Я невольно шагнул вперёд, захваченный, очарованный, под ногой яростно хрустнула сухая ветка. Лисы как по команде обернулись в мою сторону, встопорщили хвосты и рассыпались как горох. На поляне остался лишь один лисёнок, крохотный, из-за травы не видно. Но почему и он не убежал? Вокруг поляны зашуршало, и мне отчего-то подумалось, что лисы не сбежали, а следили за мной из кустов и высокой травы. Должно быть, это просто моё воображение.
Дойдя до лисёнка, я вскрикнул. Так вот почему он не убежал! Его передняя лапа застряла в капкане, трава вокруг была красной от крови. Страшно подумать, что несчастный зверёныш сейчас испытывал!
– Бедняга, – сказал я с жалостью.
Лисёнок застонал. Не затявкал, не завизжал, а именно застонал. Я опустился возле него на колено:
– Я тебе постараюсь помочь, только ты не кусайся.
Разумеется, человеческую речь лисы не понимают, но я надеялся, что лисёнок поймёт хотя бы мои намерения, и потому говорил как можно мягче и ласковее. Я протянул к нему руку, лисёнок отчаянно затявкал. Трава зашуршала, отовсюду высунулись встревоженные лисьи мордочки. А, так я был прав!
Я взялся за капкан и постарался его разжать. Лисёнок опять застонал, и, кажется, его глаза наполнились слезами. Я с опаской погладил лисёнка по ушам, ожидая, что он вцепится мне в руку, но он лишь зажмурился, прижал уши, как будто принимал мою жалость и участие, но не то чтобы остался этим доволен. Я сделал ещё несколько безуспешных попыток, но капкан оказался мне не по силам: я лишь причинял лисёнку новую боль, но помочь не мог.
– Схожу за Микку, – решил я, – он ведь говорил, что уже вызволял зверьё из капканов.
Я встал, но стоило сделать шаг в сторону леса, как лисёнок издал такой отчаянный вопль, что у меня сердце оборвалось. Остальные лисы сочувственно взвыли из своих укрытий. Я вернулся к пленнику. А что ещё мне оставалось? Ведь он не понимал, что я собирался отправиться за помощью.
– Вместе с капканом попробовать унести? – пробормотал я, разглядывая ловушку.
Капкан был прикручен к поваленному дереву толстенной цепью. Сдвинуть ствол я бы не смог, звенья цепи растянуть тоже. Оставалось лишь одно – перебить цепь ружьём.
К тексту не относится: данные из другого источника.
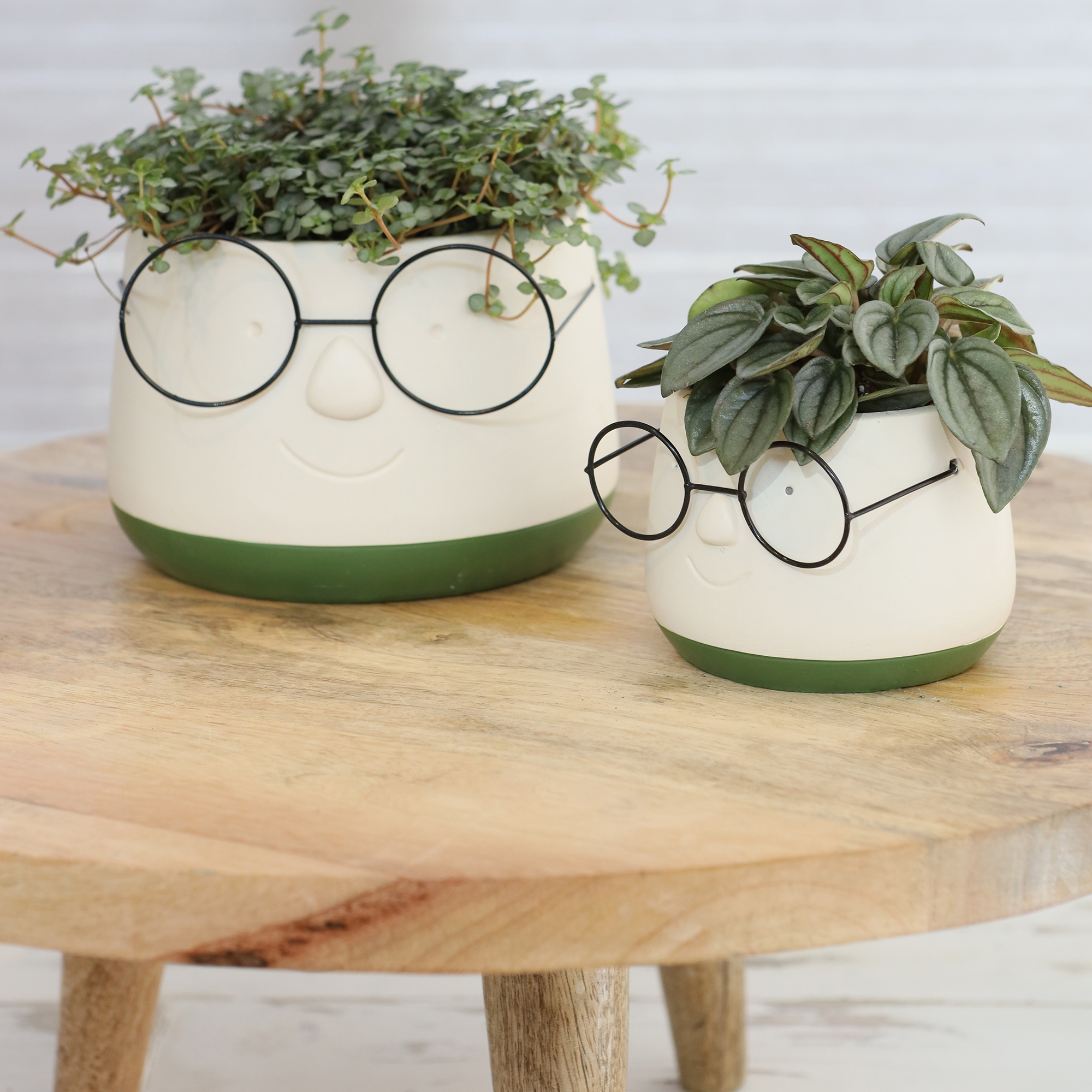 Blumenübertöpfe "Frieda" aus Keramik mit Brille
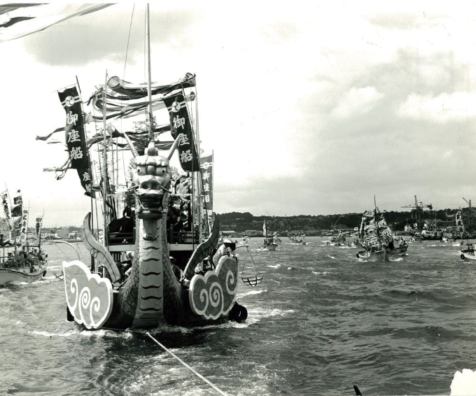 前夜祭では花火の打ち上げ、本祭では世代間を超えた市民の踊り「よしこの塩竈」を中心とした陸上パレードも行われますが、メインイベントは『日本三大船祭り』のひとつに数えられる「神輿海上渡御」です。
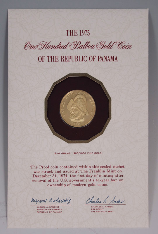 FRANKLIN MINT 1974 ONE HUNDRED BALBOA GOLD COIN: Struck on December 31, 1974 for the Franklin Mint. Comes with original case, paperwork and mailing box. 8.16 grams of 900/1000 gold.
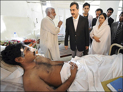 عیادت یوسف رضا گیلانی، نخست وزیر پاکستان، از مجروحان حادثه
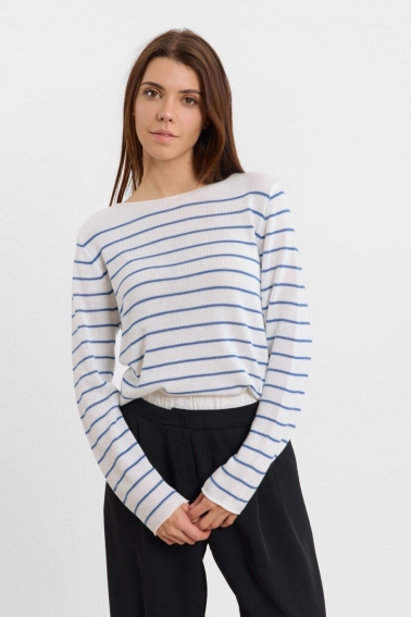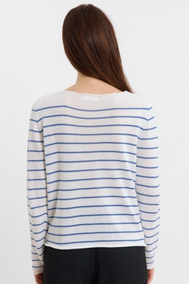Jersey de rayas marineras , con cuello barco , en tejido ligero .
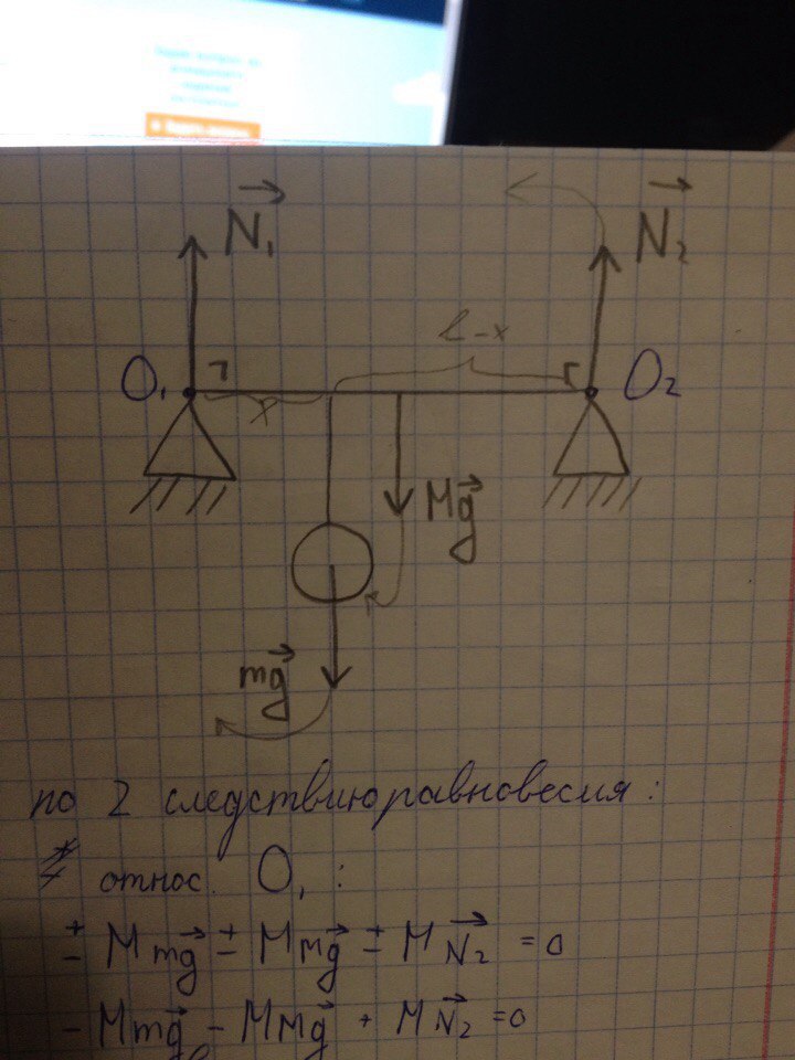 3) На трубе длиной 6 м и массой 120 кг на расстоянии 2 м от одного из ее концов подвешен груз массой 1 кг. Концы трубы находятся на опорах. Определите силы реакции опор.

Я попробовал прикладом, но скоро понял, что и это бесполезно. Тогда я прижал цепь возле капкана коленом, чтобы лисёнок не дёргался и не помешал прицелиться, и выстрелил. Лисёнок что-то прошуршал (видно, у него голос пропал со страху), лисы издали вопль ужаса и попрятались. Одно из колец разлетелось. Я перекинул ружьё через плечо, с трудом поднял капкан вместе с пленником. Лисёнок снова заплакал.
– Знаю, что больно, но ты терпи, – уговаривал я его (а скорее сам себя). – А уж Микку тебя непременно вызволит, вот увидишь…
Всю дорогу лисёнок всхлипывал, а за спиной то и дело что-то шуршало, и я уже не сомневался, что лисы следуют за мной по пятам, оставаясь невидимыми. Ноша была тяжёлая, капкан отмотал мне руки, цепь больно впивалась в тело, но я чувствовал, как стучит сердечко лисёнка, чувствовал его тепло… ни с чем не сравнимое ощущение ответственности за это беззащитное, попавшее в беду существо!
Когда я притащил лисёнка домой, брат вытаращил глаза: «Вот так находка!» – но тут же опомнился, и мы вместе переложили капкан с пленником на стол. Микку очень крепко высказался в адрес браконьеров, я от себя прибавил ещё кое-что. По словам брата, с такими капканами он уже дело имел и знал, как их снимать. Пока он ходил за очками и инструментами, я гладил лисёнка по ушам, приговаривая:
– Потерпи немножко, сейчас мы твою лапку вытащим…
Во дворе что-то зашелестело, я обернулся и увидел, что пришедшие за мной следом лисы заполонили весь двор, расселись, ничуть не таясь, и выжидающе поглядывали на нас своими блестящими глазками.
– Ну и ну! – шёпотом сказал сияющий Микку (и его восторг, несмотря на плачевную ситуацию с лисёнком, был понятен: увидеть белых лис вблизи, да ещё в таком количестве!). – Ты смотри, не бросают сородича в беде! Ну да и мы не бросим…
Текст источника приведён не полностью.